» Given data:
※
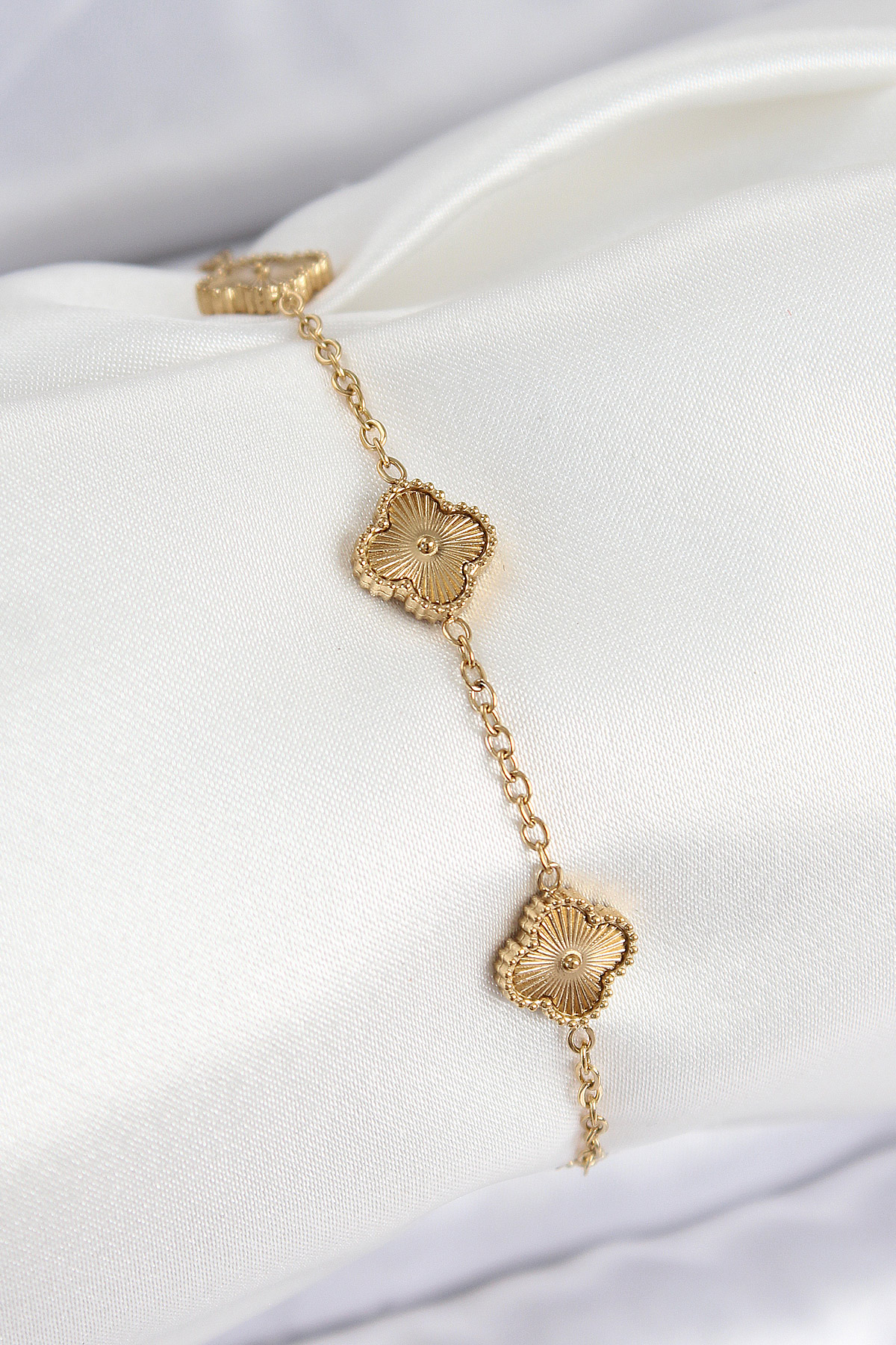 316L Çelik Gold Renk Yonca Kadın Bileklik - 264705
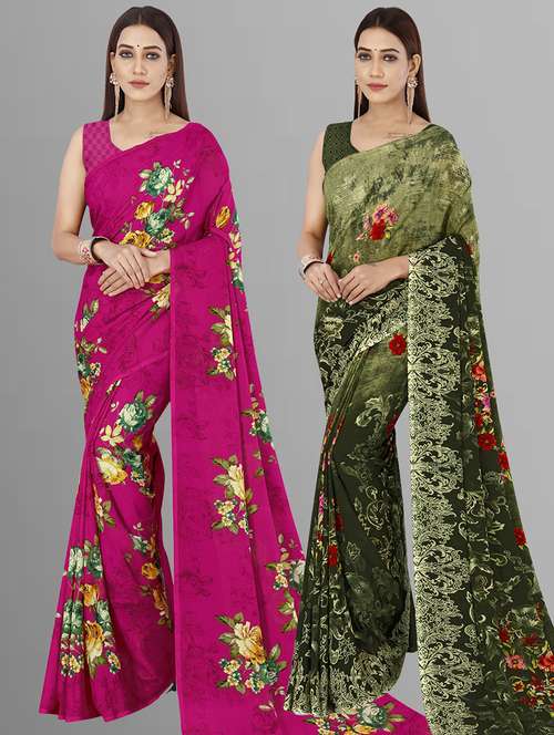 pack of 2 casual wear combo sarees with blouse - 21417118 - Very Small Image - 1
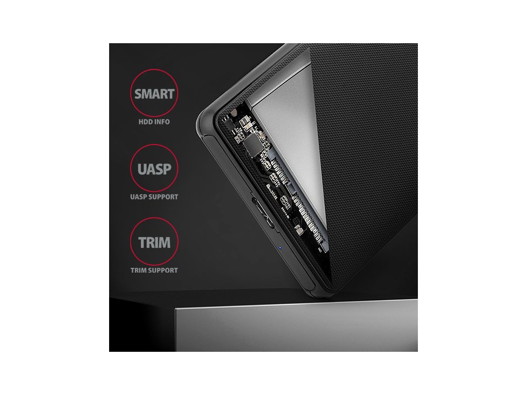 Lehký bezšroubkový externí AXAGON EE25-SL SLIDE BOX s USB 3.2 Gen 1 (USB 3.0) a SATA 6G rozhraním je určen pro všechny 2.5'' SATA pevné disky nebo SSD. SATA 6G rozhraní s podporou UASP dovolí užívat si rychlost moderních SSD disků. Podpora funkce TRIM pro omezení pozvolné degradace výkonu SSD v čase. Čtení S.M.A.R.T. informací monitorujících kondici externího disku. Podpora uspávání připojeného disku i boxu. Plastové tělo boxu umožňuje snadnou výměnu disku bez potřeby šroubování. Decentně vroubkovaný povrch krytu je odolný proti poškrábání a brání nežádoucím otiskům prstů. Pěnové výplně uvnitř boxu fixují a chrání vložený disk. Vstup: • USB 3.2 Gen 1 (USB 3.1 Gen 1 / USB 3.0) SuperSpeed USB s rychlostí až 5 Gbit/s. • Připojení přes micro USB type B female konektor. Podpora zařízení: • rozhraní SATA III - 6 Gb/s (600 MB/s), • podpora 2.5'' HDD/SSD, • max. kapacita disku - všechny bez omezení, • max. výška 2.5'' disku – 9.5 mm. Další vlastnosti: • Kompatibilní s USB 3.2 Gen 1 / USB 3.1 Gen 1 / USB 3.0, zpětně kompatibilní s USB 2.0. • Podpora přenosových rychlostí 5000 / 480 Mbit/s (SuperSpeed / HighSpeed). • Vyhovuje Serial ATA 3.0 specifikaci (SATA/600), přenosové rychlosti až 6 Gb/s (600 MB/s). • Vyhovuje Serial ATA 2.0 specifikaci (SATA/300), přenosové rychlosti až 3 Gb/s (300 MB/s). • Vyhovuje Serial ATA 1.0 specifikaci (SATA/150), přenosové rychlosti až 1.5 Gb/s (150 MB/s). • Celková propustnost / přenosová rychlost boxu je dána použitým USB rozhraním (teor. 5 Gbit/s). • Podpora UASP (USB Attached SCSI Protocol) a BOT (Bulk-Only Transport). • Podpora bootování z SSD/HDD v externím boxu. • Možnost připojení zařízení za chodu díky podpoře Hot Plug. • Plná podpora Plug and Play. • HDD Auto Spindown - automatické uspání disku při nečinnosti trvající 10 minut. • HDD Turn Off - vypnutí disku po odebrání zařízení nebo uspání PC. • Připojení přes USB 3.2 Gen 1 micro B female konektor. • Kabel micro USB-B / USB-A délky 52 cm součástí balení. • Decentní modrá LED indikující připojení k USB portu počítače (trvalým svitem) a přenos dat (blikáním). • Rozměry boxu 130 x 82 x 16 mm. • Hmotnost 63 g. Podporované operační systémy: • MS Windows XP / Vista / 7 / 8 / 8.1 / 10 a novější, Windows Server 2008 / 2012 / 2016 a novější (podporovány všechny 32- i 64-bitové verze OS Windows), Mac OS X 10.x a vyšší, Linux s jádrem 2.6.x a vyšším. Pozn.: Ovladače jsou součástí podporovaných operačních systémů a nainstalují se zcela automaticky. Žádné jiné ovladače není třeba instalovat a nejsou ani k dispozici. Balení v kartonové krabičce s otvorem pro zavěšení obsahuje: • USB 3.2 Gen 1 externí box pro 2.5'' SATA disk, • micro USB-B - USB-A kabel délky 52 cm, • multijazyčný manuál CZ/DE/DK/ENG/ESP/FIN/FR/GR/HR/HU/IT/NL/PL/PT/RO/RU/SK/SWE/BG/CN/TR/ARA.Dodatočné parametre
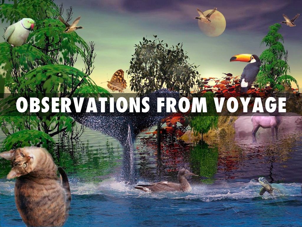 Darwin came across a lot of diverse creatures. He wrote down in his notebook the chararistics of these animals and their different habitats. He saw that species are vary globally and locally. Also that species vary overtime
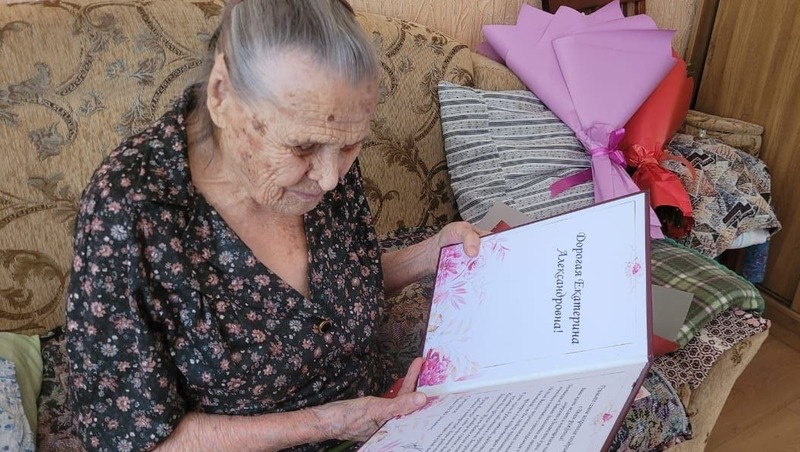 По поручению губернатора Астраханской области Игоря Бабушкина глава города Владимир Климкин, руководитель центра социальной поддержки населения Наталья Золина и военнослужащие 4-го ГЦМП Министерства обороны Российской Федерации посетили именинницу и преподнесли ей подарки.
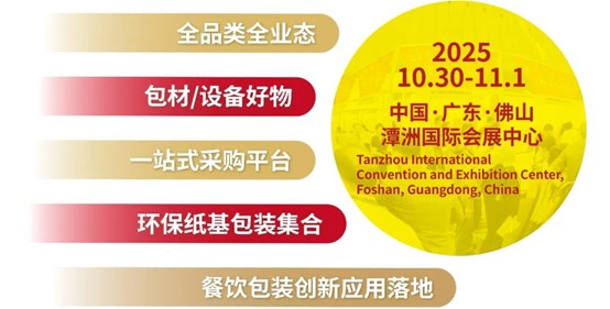 2025中國(guó)餐飲食品包裝加工設(shè)備展2025中國(guó)餐飲食品包裝加工設(shè)備展 2025.10.30-11.1 中國(guó)·廣東·佛山潭洲國(guó)際會(huì)展中心包材+設(shè)備,雙核并聯(lián),1+1>2五展聯(lián)動(dòng),觸達(dá)更多商機(jī) 邀您參與這場(chǎng)包材/設(shè)備好物專業(yè)采購(gòu)盛會(huì)
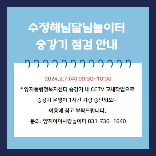 수정해님달님놀이터 엘리베이터 사용 중단 안내
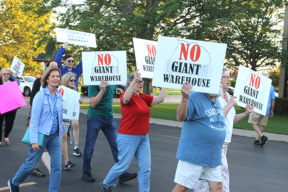 About 40 protesters on Monday marched outside Town Hall in favor of a warehouse moratorium and against the Town Board accepting a developer’s supplemental Draft Environmental Impact Statement (DEIS) for a proposed 1.2-million-square-foot Long Road warehouse.
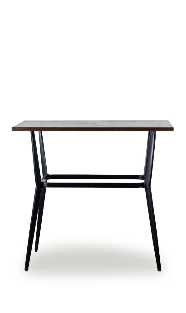 Su estructura está fabricada en hierro macizo de gran resistencia, con un elegante acabado lacado en color negro. Este tratamiento no solo mejora su durabilidad, también aporta una estética industrial sofisticada. Las patas de la mesa alta Marengo se cruzan en el centro con una ligera inclinación hacia dentro. Luego se abren de nuevo hacia fuera, generando una forma arquitectónica muy atractiva. Este diseño permite distribuir el peso de forma eficiente y aporta estabilidad incluso en suelos irregulares.
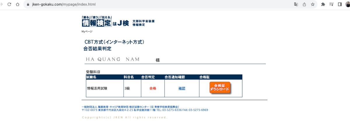 J検3級に合格できました
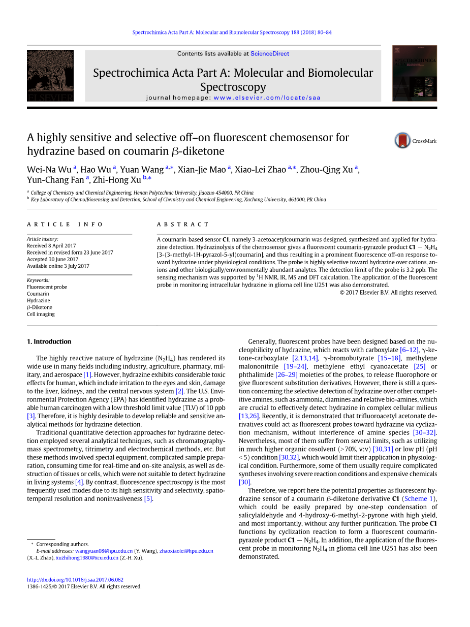 因此,我们在此论述香豆素beta;-二酮衍生物C1的荧光肼传感器(Scheme 1)的潜在性质,其可通过水杨醛和4-羟基-6-甲基-2-吡喃酮的一步缩合容易地制备产量高,最重要的是,不需要进一步纯化。探针C1通过环化反应起作用以形成荧光香豆素吡唑产物C1-N2H4。此外,荧光探针在神经胶质瘤细胞系U251中监测N2H4的应用也已被证明。
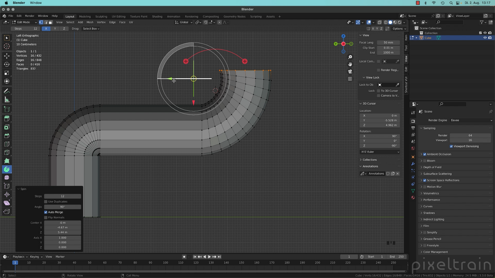 This publication "pixeltrain - Blender Fundamentals >> Fast Forward“ by Senior 3D & VFX trainer Helge Maus is a complete Introduction to Blender 3D.
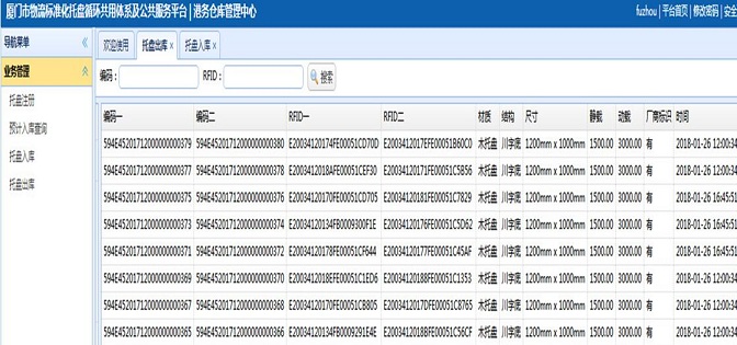 1月26日上午11:50分,第一票通過嵌入RFID芯片的標準化托盤(1.2m*1.0m)帶板運輸業(yè)務,順利抵達港務物流海滄嵩嶼拼箱中心,并成功通過中托互聯(lián)平臺(廈門市物流標準化托盤循環(huán)共用公共服務平臺)實現(xiàn)托盤電子信息化管理,港務物流標準化托盤共用體系初步建立。
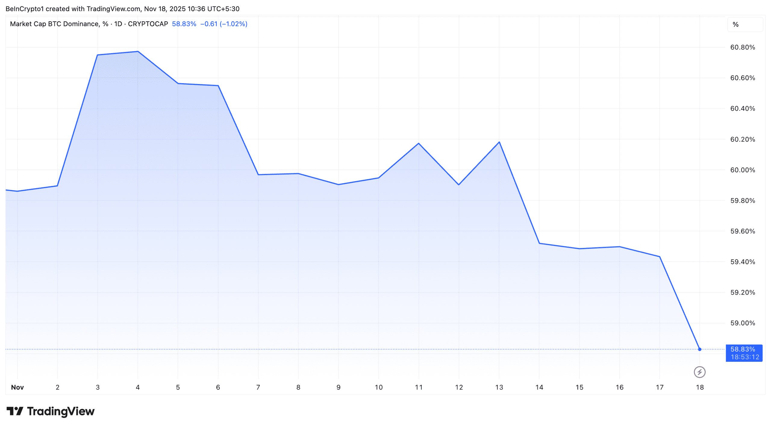 به گزارش بیاینکریپتو، دامیننس بیت کوین نشاندهنده سهم بیت کوین از کل ارزش بازار کریپتوکارنسی است. این شاخص برای درک حرکت سرمایه بین بیت کوین و آلت کوینها بسیار حیاتی است. براساس دادههای بازار، دامیننس BTC در نوامبر ۲۰۲۵ کاهش قابلتوجهی داشته و از ۶۱.۴ به ۵۸.۸ درصد رسیده است.
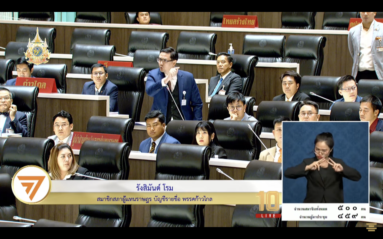 ด้านนายรังสิมันต์ โรม สส.บัญชีรายชื่อ พรรคก้าวไกล กล่าวโต้ตอบนายครูมานิตย์ ว่า เป็น สส.หลายสมัย ใช้คำว่า ไอ้หนู กับเพื่อนสมาชิกในห้องนี้ได้อย่างไร เพราะตนเองก็ให้ความเคารพนายครูมานิตย์มานาน แต่การใช้คำว่าไอ้หนูแบบนี้ถือว่าไม่เคารพกัน
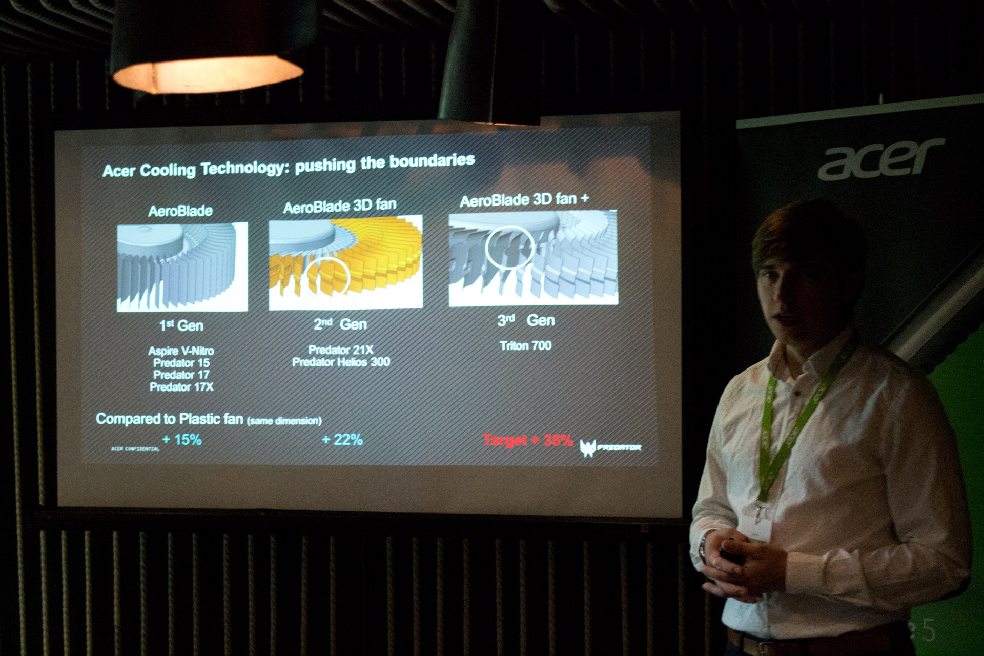 Однако больше всего внимания компания Acer отводит геймерским ноутбукам линеек Predator и Nitro. Первое «семейство» включает в себя модели среднего и высокого уровней, обеспечивающие производительность уровня «VR-Ready». Для более эффективного охлаждения внутренних компонентов инженеры компании разработали новый дизайн вентиляторов AeroBlade 3D.
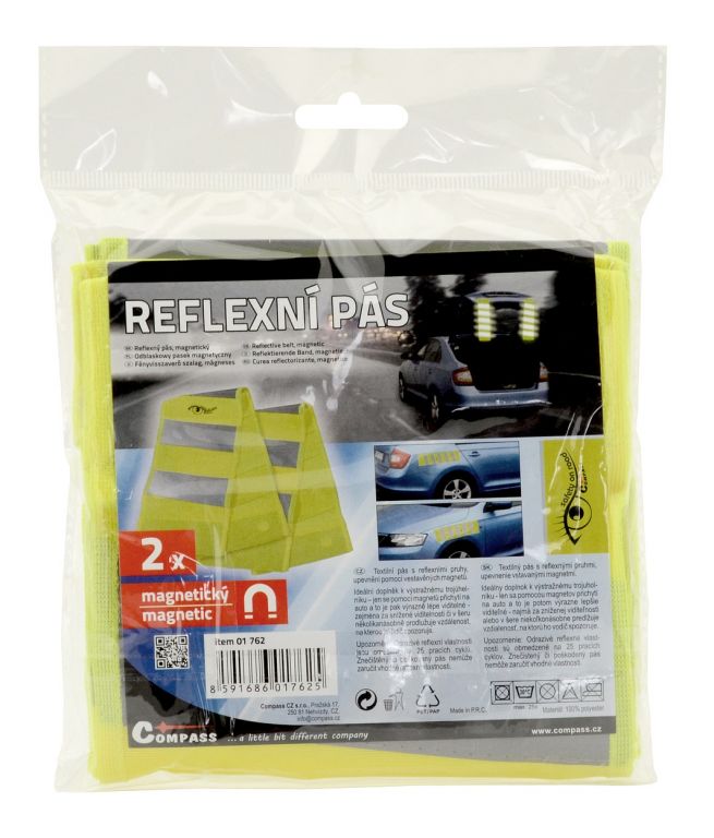 Textilní pás s reflexními pruhy, upevnění pomocí vestavěných magnetů. Vhodný zejména za snížené viditelnosti či v šeru. Reflexní pás několikanásobně prodlužuje vzdálenost, na kterou jej řidič zpozoruje.
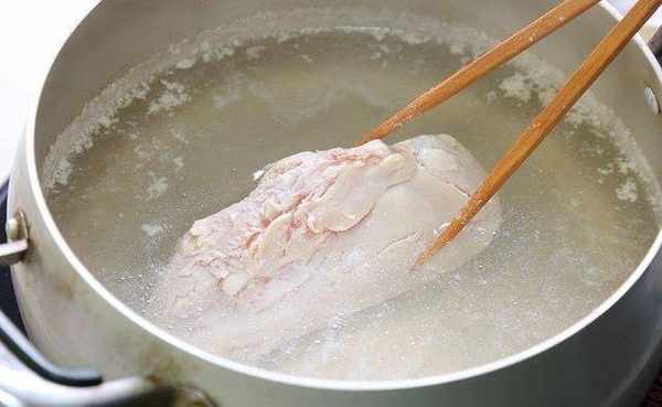 起一锅热水,放入整块鸡胸肉汆烫至熟,约煮6分钟。
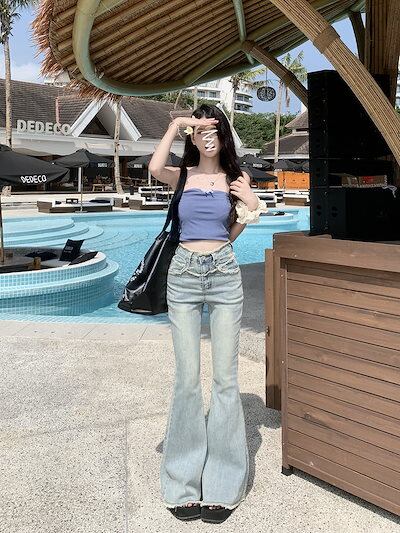 秋冬の新作レディースバリフリンジ馬蹄ジーンズレディースハイウエストスリムマイクロフレアパンツロングパンツ
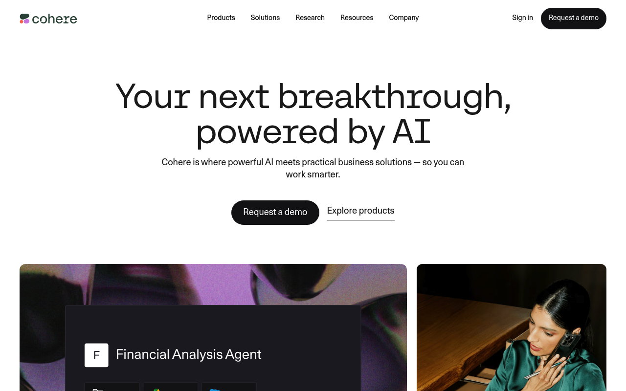 Cohere es una plataforma de inteligencia artificial empresarial que ofrece modelos de lenguaje de gran escala (LLMs) y herramientas a través de API. Está diseñada para construir aplicaciones de IA generativa seguras y personalizables, como chatbots, motores de búsqueda, resúmenes y agentes automatizados.
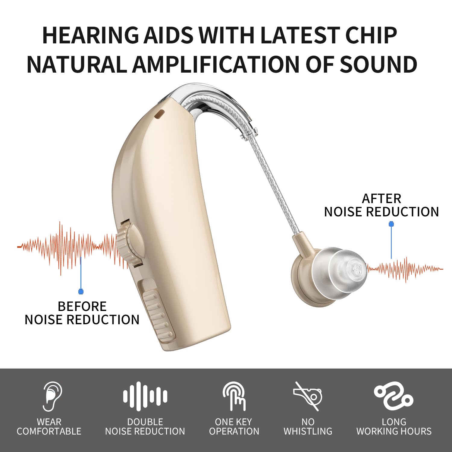 - Asistencia Auditiva Efectiva: Nuestros audífonos utilizan tecnología y chips más avanzados, y cuentan con funciones de procesamiento y amplificación de sonido más inteligentes. Nuestro audífono con cancelación de ruido garantiza una audición nítida en la vida diaria, ideal para personas mayores con pérdida auditiva de leve a severa.
※
Whatever pictures the records hold, omit them; give again exactly the lines from the one containing "因此,我们在此论述香豆素be" through the one containing "Однако больше всего".

» Answer area:
 因此,我们在此论述香豆素beta;-二酮衍生物C1的荧光肼传感器(Scheme 1)的潜在性质,其可通过水杨醛和4-羟基-6-甲基-2-吡喃酮的一步缩合容易地制备产量高,最重要的是,不需要进一步纯化。探针C1通过环化反应起作用以形成荧光香豆素吡唑产物C1-N2H4。此外,荧光探针在神经胶质瘤细胞系U251中监测N2H4的应用也已被证明。
 This publication "pixeltrain - Blender Fundamentals >> Fast Forward“ by Senior 3D & VFX trainer Helge Maus is a complete Introduction to Blender 3D.
 1月26日上午11:50分,第一票通過嵌入RFID芯片的標準化托盤(1.2m*1.0m)帶板運輸業(yè)務,順利抵達港務物流海滄嵩嶼拼箱中心,并成功通過中托互聯(lián)平臺(廈門市物流標準化托盤循環(huán)共用公共服務平臺)實現(xiàn)托盤電子信息化管理,港務物流標準化托盤共用體系初步建立。
 به گزارش بیاینکریپتو، دامیننس بیت کوین نشاندهنده سهم بیت کوین از کل ارزش بازار کریپتوکارنسی است. این شاخص برای درک حرکت سرمایه بین بیت کوین و آلت کوینها بسیار حیاتی است. براساس دادههای بازار، دامیننس BTC در نوامبر ۲۰۲۵ کاهش قابلتوجهی داشته و از ۶۱.۴ به ۵۸.۸ درصد رسیده است.
 ด้านนายรังสิมันต์ โรม สส.บัญชีรายชื่อ พรรคก้าวไกล กล่าวโต้ตอบนายครูมานิตย์ ว่า เป็น สส.หลายสมัย ใช้คำว่า ไอ้หนู กับเพื่อนสมาชิกในห้องนี้ได้อย่างไร เพราะตนเองก็ให้ความเคารพนายครูมานิตย์มานาน แต่การใช้คำว่าไอ้หนูแบบนี้ถือว่าไม่เคารพกัน
 Однако больше всего внимания компания Acer отводит геймерским ноутбукам линеек Predator и Nitro. Первое «семейство» включает в себя модели среднего и высокого уровней, обеспечивающие производительность уровня «VR-Ready». Для более эффективного охлаждения внутренних компонентов инженеры компании разработали новый дизайн вентиляторов AeroBlade 3D.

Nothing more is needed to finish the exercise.